On 4 February, three weeks before Russia invaded Ukraine, Vladimir Putin and Xi Jinping met for talks in Beijing and declared that their friendship had “no limits”. When the Russian and Chinese presidents meet again this week at a regional summit in Uzbekistan, the encounter will be scrutinised for signs that Xi is now distancing himself from Putin as Russian forces lose ground in Ukraine.
A volte-face is unlikely.
There are numerous reasons why Xi might have wished for Putin not to have launched his calamitous invasion of Ukraine. The conflict has caused global energy and food prices to spike, and has upended China’s plans to make Ukraine a key transit hub of the Belt and Road Initiative, Xi’s signature foreign policy project. The war has also strengthened Western unity and reinvigorated Nato, which has designated China a “systemic challenge”, as well as focusing attention in Washington on the need to accelerate arms sales to Taiwan, the self-governing island Beijing claims as its own. On 2 September the US announced more than $1 billion in new weapons sales to Taiwan, including anti-ship missiles and radar support.

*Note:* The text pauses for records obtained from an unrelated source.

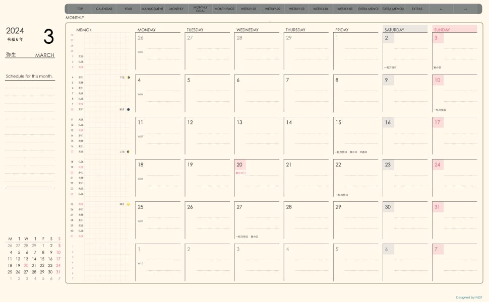 ・日本の祝日を表記(ミニカレンダーにも表記 **3月版から**)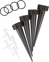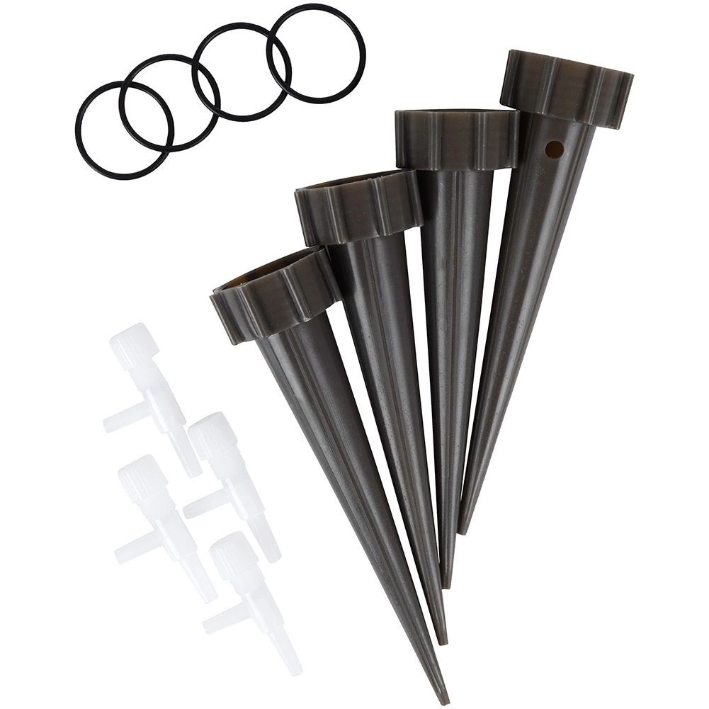 Svaki nastavak ima jednostavnu instalaciju – jednostavno ga zabodete u zemlju pokraj biljke i postavite okrenutu bocu. Pomoću ventila precizno podešavate protok prema veličini biljke i potrebama zalijevanja. Set od 4 komada odličan je za dom, balkon, terasu i vrt.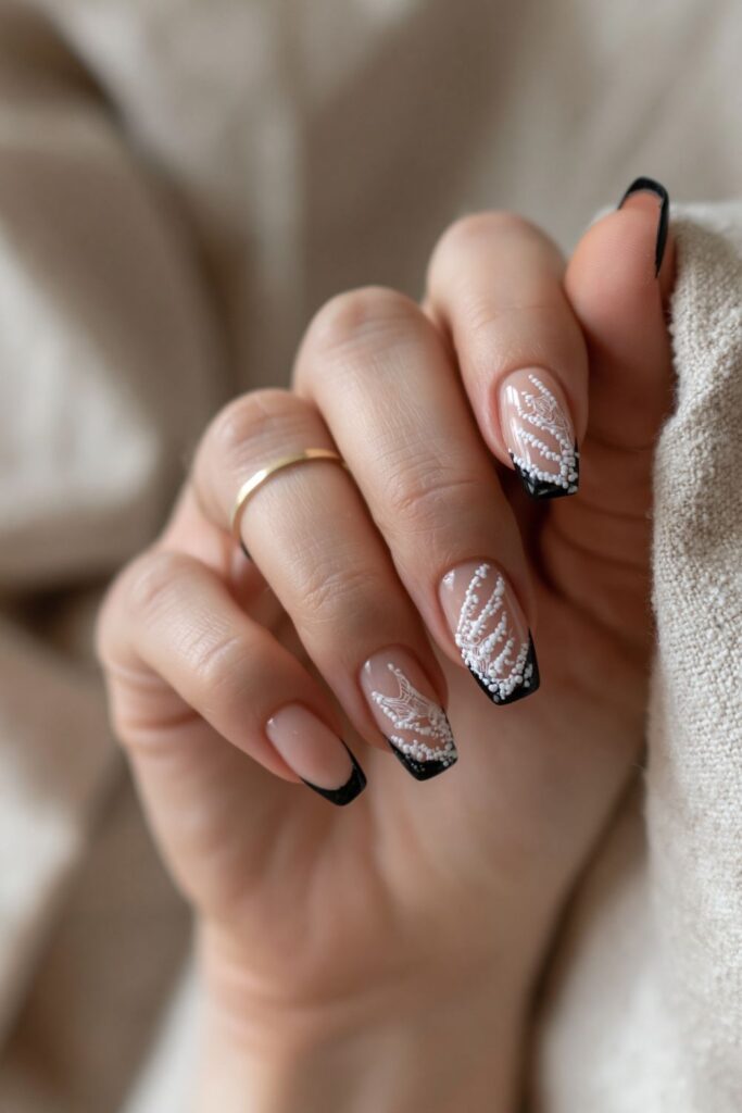 Tiny white pearl accents are used to build a 3D skeleton ribcage over a sheer nude base. Paired with a black micro-French tip, the vibe is dainty yet creepy. This set is perfect for a clean girl aesthetic that still wants to participate in the October nail art hype.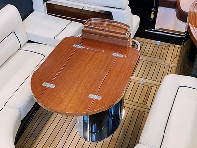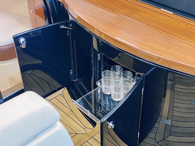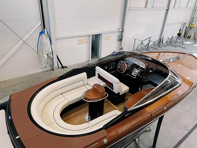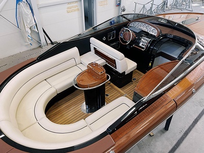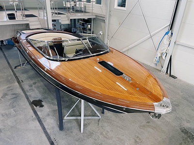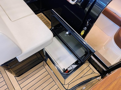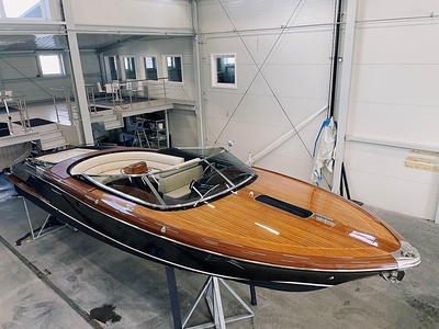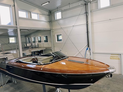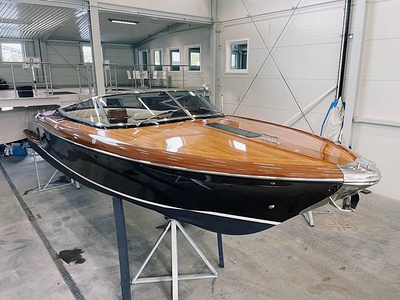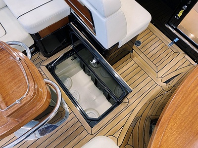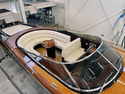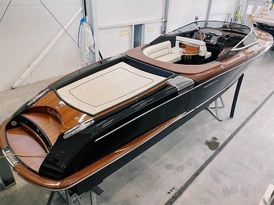 Detta är modellen som mer än någon annan återspeglar Rivas naturliga stilistiska utveckling från förr till modern tid. De mjuka, stilfulla linjerna i den här 33-fotaren förkroppsligar helt en känsla av tradition; det fina, skickligt utformade virket (mahogny med lönninlägg) som används för däcket och de eleganta läderfinisherna på instrumentbrädan och ratten ökar nöjet att kryssa på en tidlös, klassisk yacht som erbjuder oöverträffad komfort och känslor. Innovativa elektroniska tvåväxlade växellådan, installerad på standardversionen, gör att de två kraftfulla 370 hk Yanmar motorerna kan accelerera ännu snabbare och garanterar enastående prestanda. Aquariva har blivit symbolen för Rivas moderna elegans och unika stil och har mött stora framgångar på alla kontinenter, precis som den legendariska Aquarama.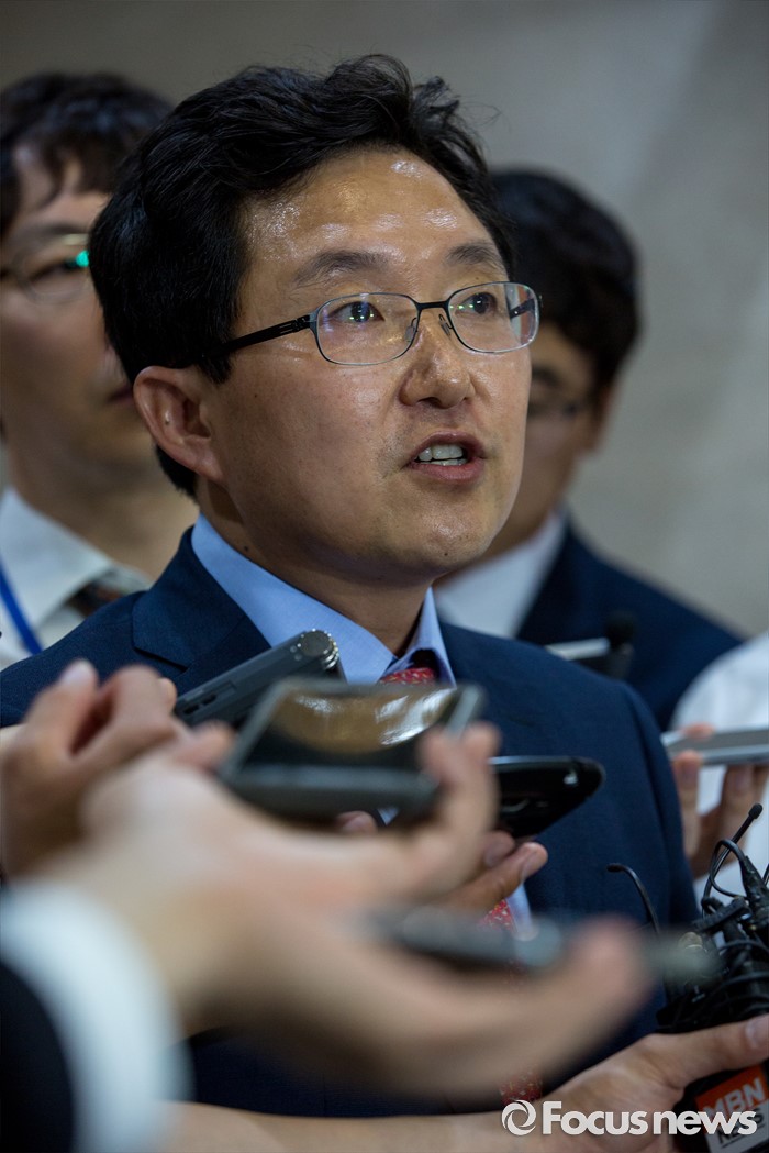 (서울=포커스뉴스) 김용태 새누리당 의원이 27일 오전 서울 여의도 국회에서 오는 8월 9일에 열리는 차기 전당대회 당 대표 경선 출마를 선언을 마친 뒤 취재진 질문에 답하고 있다.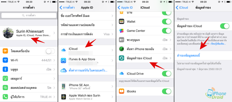 การตั้งค่า > Apple ID > iCloud > ข้อมูลสำรอง iCloud > สำรองข้อมูลตอนนี้ (ต้องใช้ไวไฟในการสำรองข้อมูล)

None of this means that Xi will turn his back on Putin, whom he has called his “best and bosom friend”. The faster Russia’s offensive unravels, and the greater the domestic pressure Putin faces as a result, the more steadfast Xi is likely to be in his support. There are several reasons for this. First, Xi values Putin as an essential strategic partner in their shared, existential contest with the US and the US-led international order. Beijing would not welcome a humiliating military loss for Russia that could be viewed as a victory for Western unity, sanctions and armed aid, tactics that could later be used against China. When Li Zhanshu, one of China’s most senior officials, met Putin at an economic forum in Vladivostok on 7 September, he was reported to have praised his leadership, noting that Russia had not been “crushed by the severe sanctions of the United States and the West, but rather in a short period achieved stability and showed resilience”.
[See also: Where does Putin go from here?]
Then, there is the complementary, if increasingly unequal, economic relationship between the two countries. Russia provides a reliable source of energy and advanced weaponry to China, while China provides an essential stream of revenue for Russia. In February, during Putin’s visit to Beijing, the two countries signed a 30-year contract for Russia to supply natural gas to China (although by Putin’s own admission Beijing negotiated hard on gas prices). Work on a second pipeline via Mongolia is reportedly due to begin in 2024, carrying gas from Siberian fields that have previously been used to supply European customers to China. But it will take at least another six years before the pipeline is operational and China’s slowing economy is unlikely to fully compensate for the loss of sales to Europe.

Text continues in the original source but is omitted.